About this task>
Your response should consist of the entries below, reproduced exactly and without their images.

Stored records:
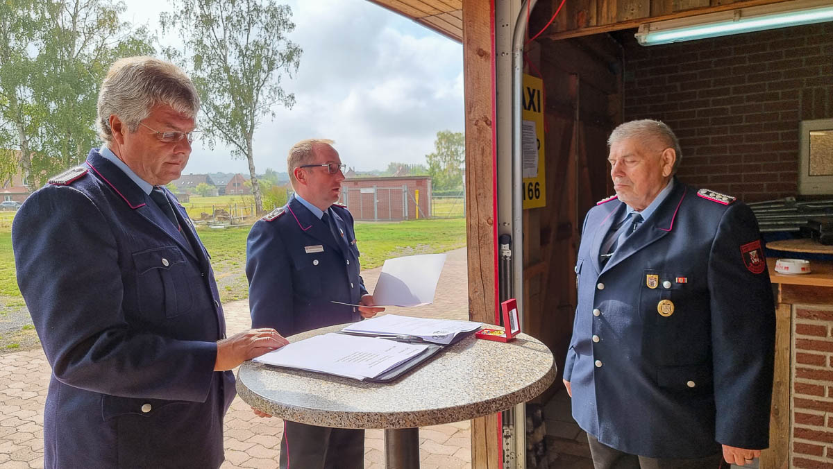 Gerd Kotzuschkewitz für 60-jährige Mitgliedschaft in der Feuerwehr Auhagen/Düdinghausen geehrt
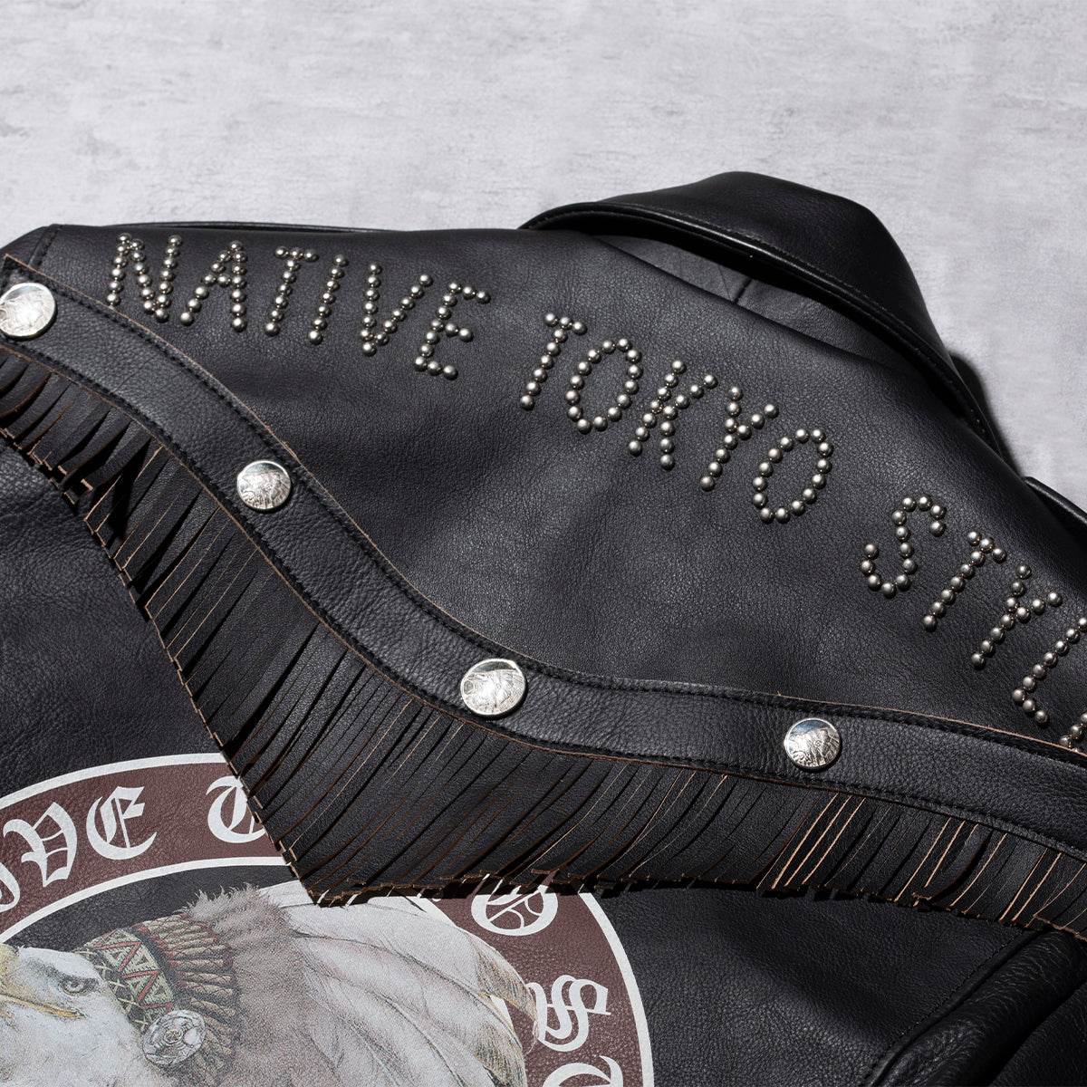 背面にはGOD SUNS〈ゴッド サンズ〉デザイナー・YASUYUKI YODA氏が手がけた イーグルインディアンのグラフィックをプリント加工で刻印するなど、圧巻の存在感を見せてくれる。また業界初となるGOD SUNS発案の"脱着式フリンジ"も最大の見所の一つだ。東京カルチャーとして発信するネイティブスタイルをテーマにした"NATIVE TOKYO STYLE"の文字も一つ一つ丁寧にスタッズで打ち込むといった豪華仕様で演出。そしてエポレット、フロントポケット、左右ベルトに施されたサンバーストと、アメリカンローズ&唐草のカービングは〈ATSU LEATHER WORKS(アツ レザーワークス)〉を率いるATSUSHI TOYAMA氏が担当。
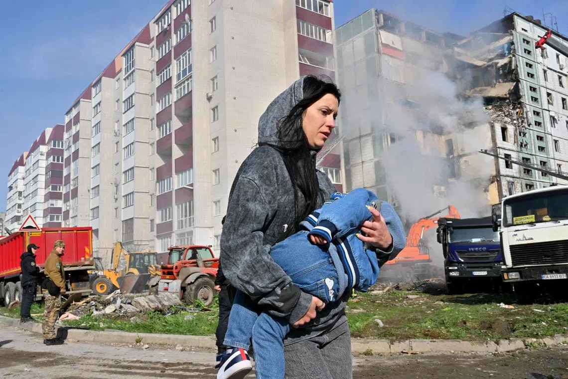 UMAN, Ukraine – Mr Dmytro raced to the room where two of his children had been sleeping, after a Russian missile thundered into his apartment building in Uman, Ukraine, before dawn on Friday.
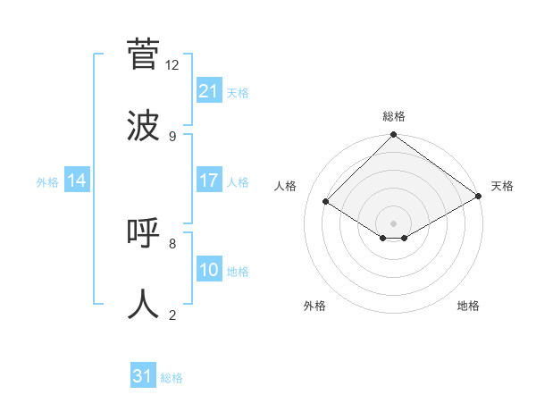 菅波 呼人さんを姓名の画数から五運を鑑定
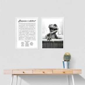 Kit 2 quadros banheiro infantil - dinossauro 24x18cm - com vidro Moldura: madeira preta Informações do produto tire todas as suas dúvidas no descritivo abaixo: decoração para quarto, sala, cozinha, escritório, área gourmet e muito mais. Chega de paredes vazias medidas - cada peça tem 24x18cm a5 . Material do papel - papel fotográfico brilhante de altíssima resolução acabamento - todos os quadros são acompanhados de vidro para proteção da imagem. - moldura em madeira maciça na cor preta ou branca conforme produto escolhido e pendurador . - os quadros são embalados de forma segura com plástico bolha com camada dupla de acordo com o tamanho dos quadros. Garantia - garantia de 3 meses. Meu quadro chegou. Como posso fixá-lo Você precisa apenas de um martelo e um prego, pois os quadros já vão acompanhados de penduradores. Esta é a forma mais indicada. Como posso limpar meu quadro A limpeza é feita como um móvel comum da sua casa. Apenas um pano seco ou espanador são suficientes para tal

Task output>
 Gerd Kotzuschkewitz für 60-jährige Mitgliedschaft in der Feuerwehr Auhagen/Düdinghausen geehrt
 背面にはGOD SUNS〈ゴッド サンズ〉デザイナー・YASUYUKI YODA氏が手がけた イーグルインディアンのグラフィックをプリント加工で刻印するなど、圧巻の存在感を見せてくれる。また業界初となるGOD SUNS発案の"脱着式フリンジ"も最大の見所の一つだ。東京カルチャーとして発信するネイティブスタイルをテーマにした"NATIVE TOKYO STYLE"の文字も一つ一つ丁寧にスタッズで打ち込むといった豪華仕様で演出。そしてエポレット、フロントポケット、左右ベルトに施されたサンバーストと、アメリカンローズ&唐草のカービングは〈ATSU LEATHER WORKS(アツ レザーワークス)〉を率いるATSUSHI TOYAMA氏が担当。
 UMAN, Ukraine – Mr Dmytro raced to the room where two of his children had been sleeping, after a Russian missile thundered into his apartment building in Uman, Ukraine, before dawn on Friday.
 菅波 呼人さんを姓名の画数から五運を鑑定
 Kit 2 quadros banheiro infantil - dinossauro 24x18cm - com vidro Moldura: madeira preta Informações do produto tire todas as suas dúvidas no descritivo abaixo: decoração para quarto, sala, cozinha, escritório, área gourmet e muito mais. Chega de paredes vazias medidas - cada peça tem 24x18cm a5 . Material do papel - papel fotográfico brilhante de altíssima resolução acabamento - todos os quadros são acompanhados de vidro para proteção da imagem. - moldura em madeira maciça na cor preta ou branca conforme produto escolhido e pendurador . - os quadros são embalados de forma segura com plástico bolha com camada dupla de acordo com o tamanho dos quadros. Garantia - garantia de 3 meses. Meu quadro chegou. Como posso fixá-lo Você precisa apenas de um martelo e um prego, pois os quadros já vão acompanhados de penduradores. Esta é a forma mais indicada. Como posso limpar meu quadro A limpeza é feita como um móvel comum da sua casa. Apenas um pano seco ou espanador são suficientes para tal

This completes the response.